Born in Crawley, England, David Tong came of age at a time when Britain was being convulsed by a social, cultural and political counter-revolution. Margaret Thatcher emerged as the political face of the decade. There was violence on the football terraces and on the inner-city streets. Graffiti artists like Robert Del Naja, otherwise known as 3D, came to symbolize the disaffected youth in the dark dystopia of 1980s Bristol. The forces that drove the punks and new wave bands that followed them were similar to those that motivated the Thatcherite ideologues – profound desire for consensus-breaking transformation. This was also a time of great innovation in pop music, as bands inspired by the can-do attitude of the punks and by the art-school cool of David Bowie began to experiment with synthesisers and computers, new technologies that would change forever the way music was made. Tong is a reflection of this creative-yet-turbulent period in British history. He emerged from humble beginnings, growing up in a working class neighborhood, himself as ordinary a boy as you might imagine. The 2008 winner of the Adams Prize, the highest honor at Cambridge University, is a real genius who has made it on his own steam, socioeconomic barriers be damned.

“That period was hard on Britain’s working class,” Tong replies, when asked about those bleak days during the ‘80s. “We weren’t alone in that respect. Everyone else was in it right along with us.”

Trinity College – University of Cambridge

Talk to him today and you’ll discover that Tong’s just as comfortable ranking Aerosmith’s discography as he is theorizing about dark energy, the mysterious antigravitational force causing everything in the universe to repel everything else. Close your eyes and it’s easy to imagine him making regular hit-and-run raids on London to visit clubs such as the Wag, the Electric Ballroom, the Cha-Cha under the arches at Charing Cross, and the Camden Palace. That’s because Tong, for all of his genius, did his fair share of partying during his late teens and early twenties.

“Let’s just say there were times when I could have applied myself more,” he says with a laugh. “It took a while for me to prioritize things properly.”
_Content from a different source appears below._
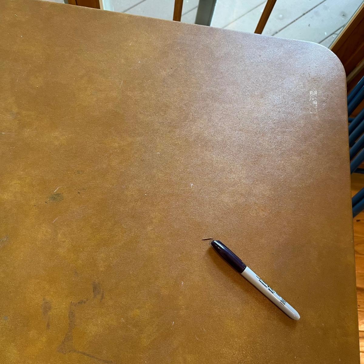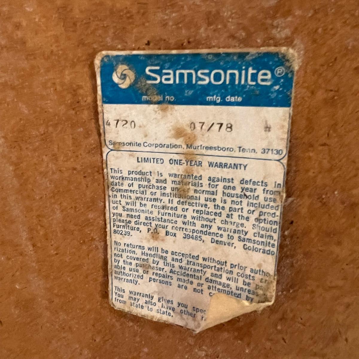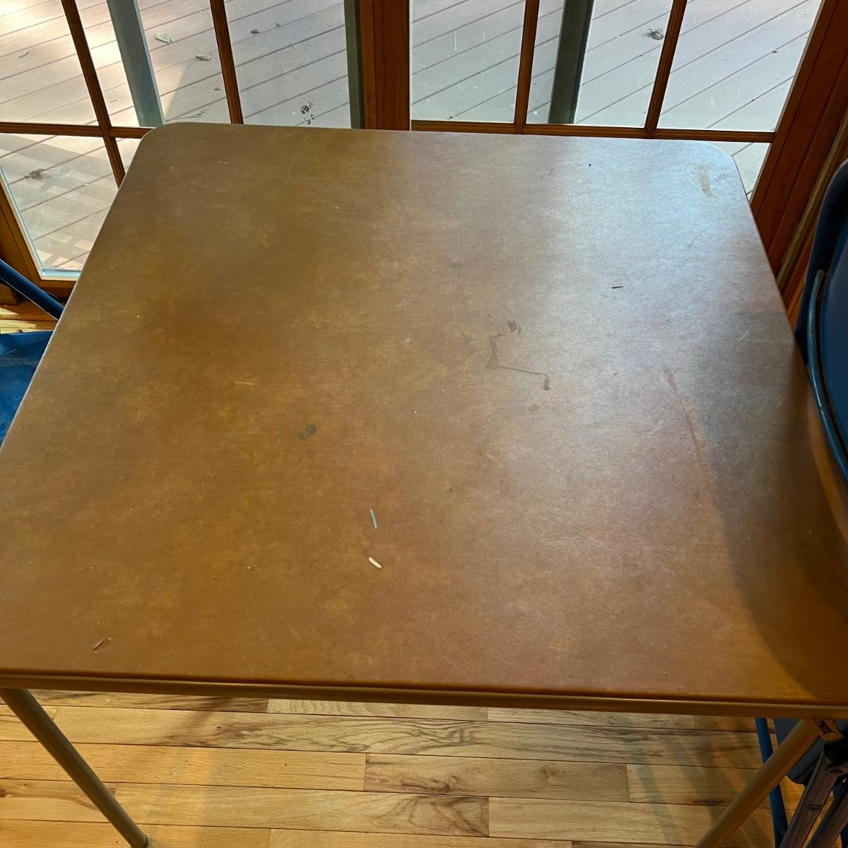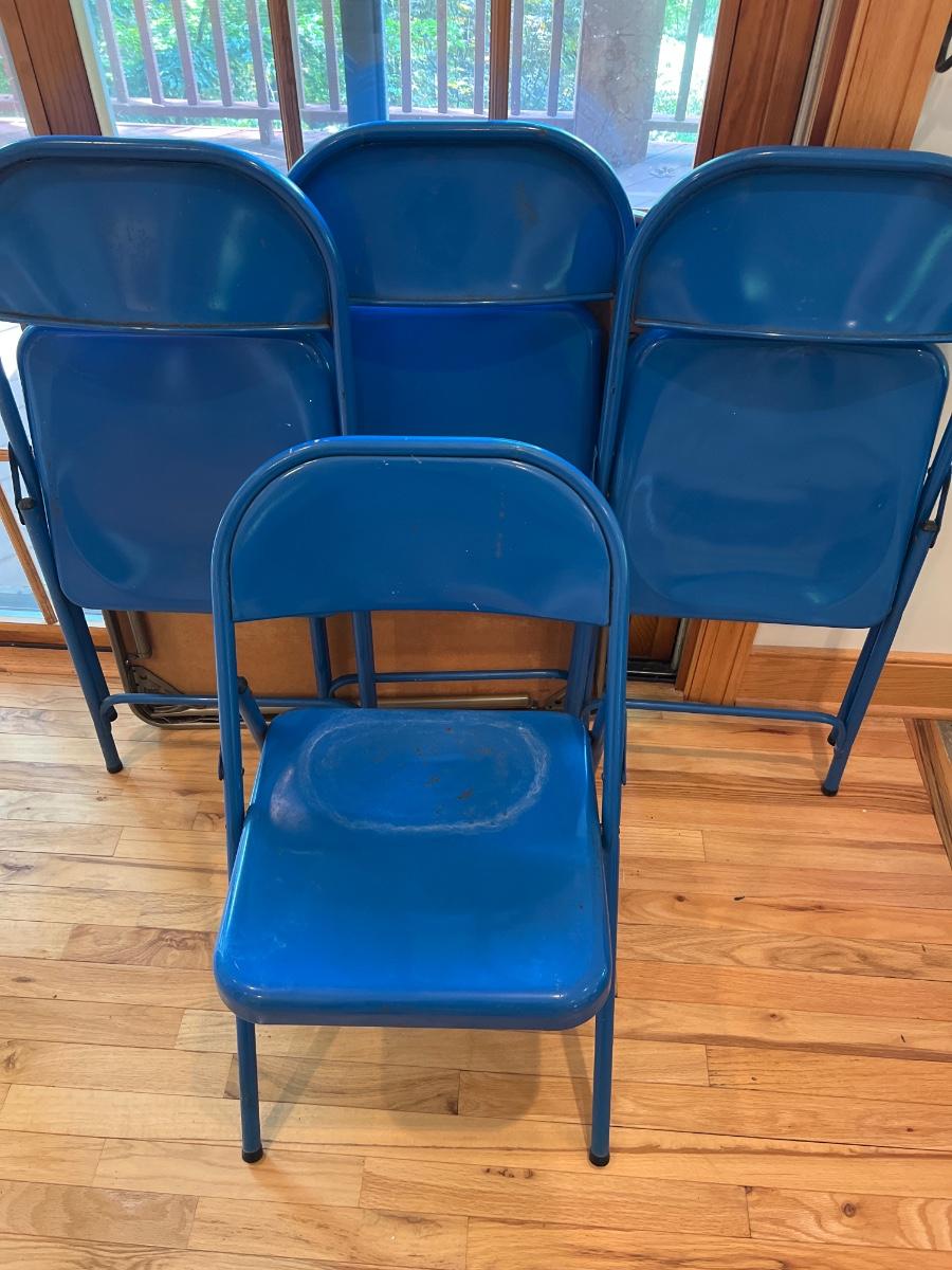 Samsonite card table measures approximately 33” square x 26”H. it has a small slice in the top surface shown in pic. Four matching blue metal chairs measure 18” x 20” x 30” with 17” seat height. One chair has a bit of rust.

Tong’s life at that time, like everything else during the mid-80s, became becalmed. Britain’s fiercest political battles had been fought and won. The miners were defeated. Free-market fundamentalism was the new orthodoxy. People began to feel richer. The pop music was dismal. The culture became coarser and more reactionary. Tong would make his way north from Crawley to London in search of the latest concert, unsure of how he’d make it back home after. Memories just as meaningful as his road to higher learning.

“I had so much fun on those trips to London,” he says. “We got to see so many great concerts, and some bad ones, too.”

Tong attended Hazelwick, a comprehensive school whose notable pupils include Laura Moffatt, a Crawley native and former member of Parliament. From there he attended the University of Nottingham, earning his Bachelor of Science in Mathematical Physics. His next stop was at Kings College in London, where he earned his Masters of Science in Mathematics. In 1995 he headed to Swansea, where he attended the University of Wales and completed his PhD in Theoretical Physics. All of this setting the stage for his jump across the pond – to the University of Washington as a visiting student, then to Columbia University for his postdoctoral research, followed by stops at MIT and Stanford.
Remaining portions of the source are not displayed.